Importance of setting clear objectives and agreeing on goals
The success of the project in terms of developing community-based outreach services for individuals with mental health problems is highly influenced by the presence of clear objectives and agreed goals. Objectives and mutual goals unite and drive the team, even when the members face destructive challenges and conflicts. As a leader, one should strive to ensure that team members are conversant with the objectives of the project to boost output. Where the objectives are unclear, the inertia among some team members eventually forces the leader and some active members to work on every task (Khatri 78).

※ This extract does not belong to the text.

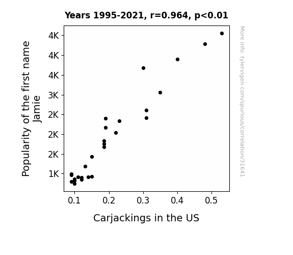 This means 92.8% of the change in the one variable (i.e., Carjackings in the US) is predictable based on the change in the other (i.e., Popularity of the first name Jamie) over the 27 years from 1995 through 2021.

Paying attention to the individual development of your team members
Individual development entails promoting the well-being, career, as well as habits of team members. A team is only as strong as its shakiest link. Consider Maslow’s theory, which puts self-actualization at the zenith of the hierarchy of needs pyramid. When team members realize that their leader is willing to help them become what they desire, it results in some fundamental merits. Individual development not only ensures that team members accomplish their personal goals but also improves their productivity. Moreover, it encourages loyalty and dedication to the team. Such characteristics are crucial for a team of social workers that are assisting patients with mental problems. The social workers will always ensure the ascendancy of the patients’ needs and suggest ideas that promote the delivery of quality care (Martin, Charlesworth, and Henderson 45).
Paying attention to task and maintenance activities
Douglas McGregor observed that for a team to operate effectively, some criteria have to be adopted, including task and maintenance. Task processes involve the means through which a team intends to do a project. Equally, maintenance activities entail the mechanisms that a team utilizes to keep itself used while working on a mission. Paying attention to task and maintenance helps team members to comprehend the objectives of the team such that they can use their skills to develop community-based services to assist individuals with mental challenges. Furthermore, it promotes proper communication among team members while keeping themselves motivated towards accomplishing the goals of the group (Dyer, Dyer, and Dyer 73).
Dyer, Gibb, Jeffrey Dyer, and William Dyer. Team Building: Proven Strategies for Improving Team Performance, New Jersey, NJ: John Wiley & Sons, 2013. Print.
Khatri, Naresh. Strategic Human Resource Management in Health Care, Bingley, West Yorkshire, England: Emerald Group Publishing, 2010. Print.
Martin, Vivien, Julie Charlesworth, and Euan Henderson. Managing in Health and Social Care, London: Routledge, 2010. Print.